Most investors are not domain experts. Even those with technical backgrounds are often trained in fields unrelated to the venture they are evaluating—synthetic biology is not semiconductor design, and AI modeling is not battery chemistry.
To attract capital, founders must be “generous” with their clarity. They need to bridge the knowledge gap by distilling their technology down to its essence: what it does, why it matters, and what makes it unique. This is not about dumbing things down. It's about respecting the audience and communicating effectively outside the echo chamber of technical jargon and acronyms.

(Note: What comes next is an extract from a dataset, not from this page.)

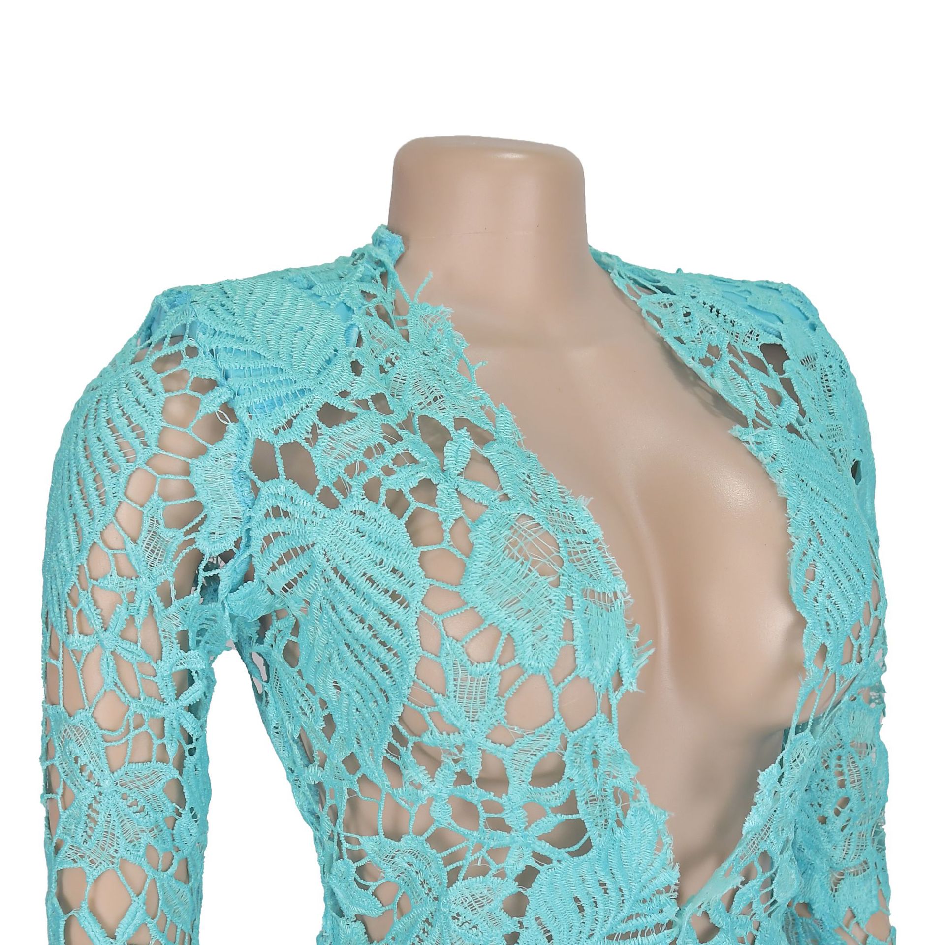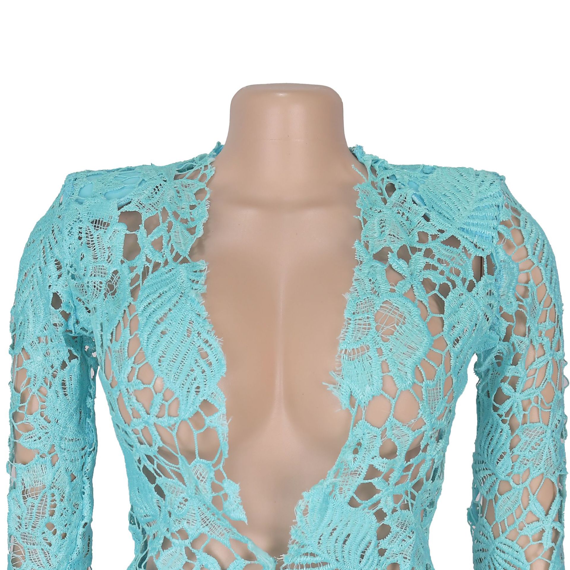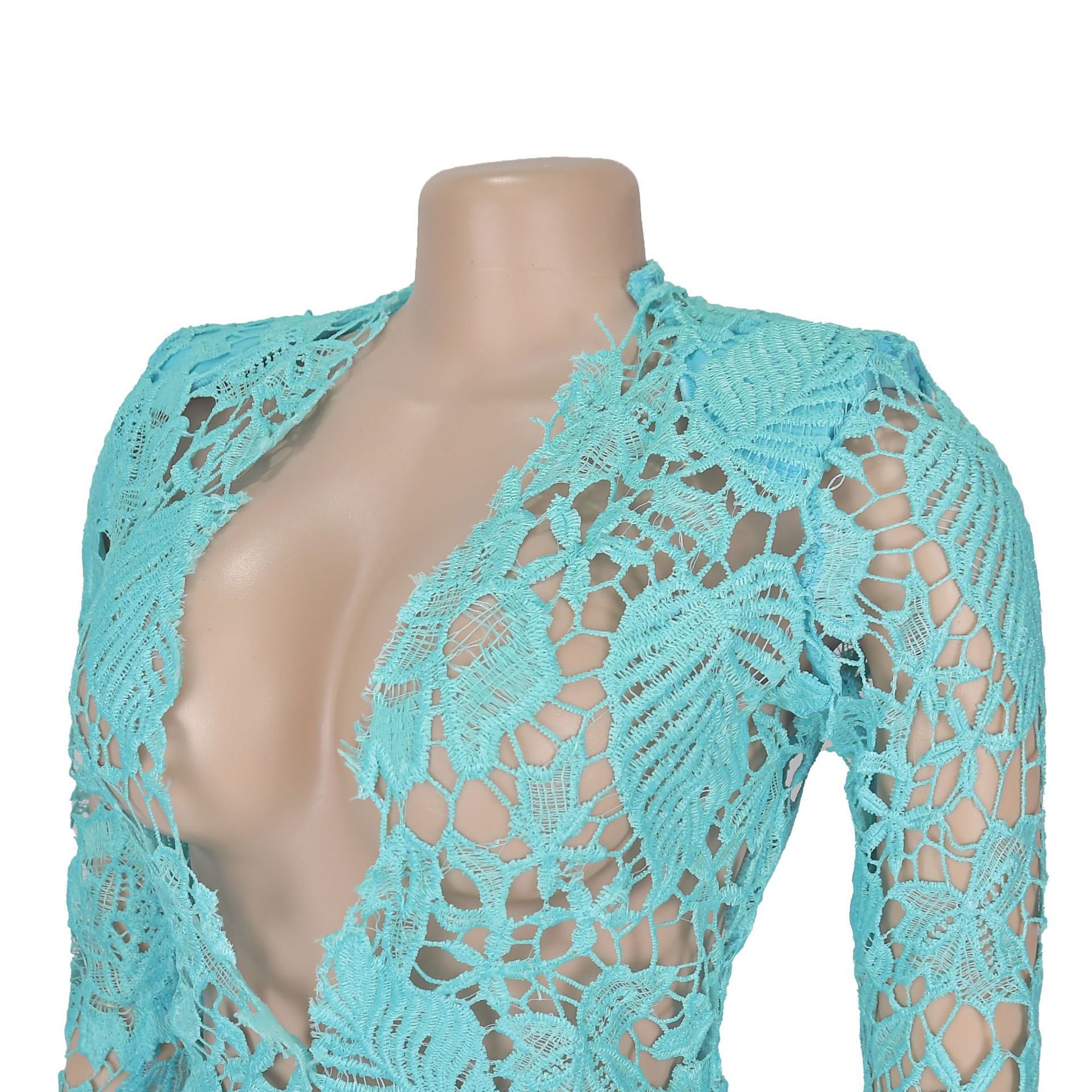 A two-piece set of hollowed-out solid-color shirt, long sleeves and shorts

Failure to do so is not just a communication issue—it’s a strategic red flag.
If a founder cannot explain the business in simple terms, investors will assume that the company won’t be able to sell its product either. Without broader comprehension, the only potential acquirers will be a handful of insiders, resulting in a low-value trade sale. In essence, clarity of message is directly tied to the perceived commercial potential of the company.
Simplicity in Explanation, Realism in Ambition
A two-million-euro company presenting billion-euro market forecasts sends the wrong signal. Overhyping potential does not impress seasoned investors—it undermines credibility.
Instead, founders should present a grounded vision, showing how they are building a real, sustainable business. Modesty and measured ambition are key. Investors are not looking for science projects with endless funding requirements, nor are they looking to support founders who feel entitled to capital simply because of the technical merit of their work.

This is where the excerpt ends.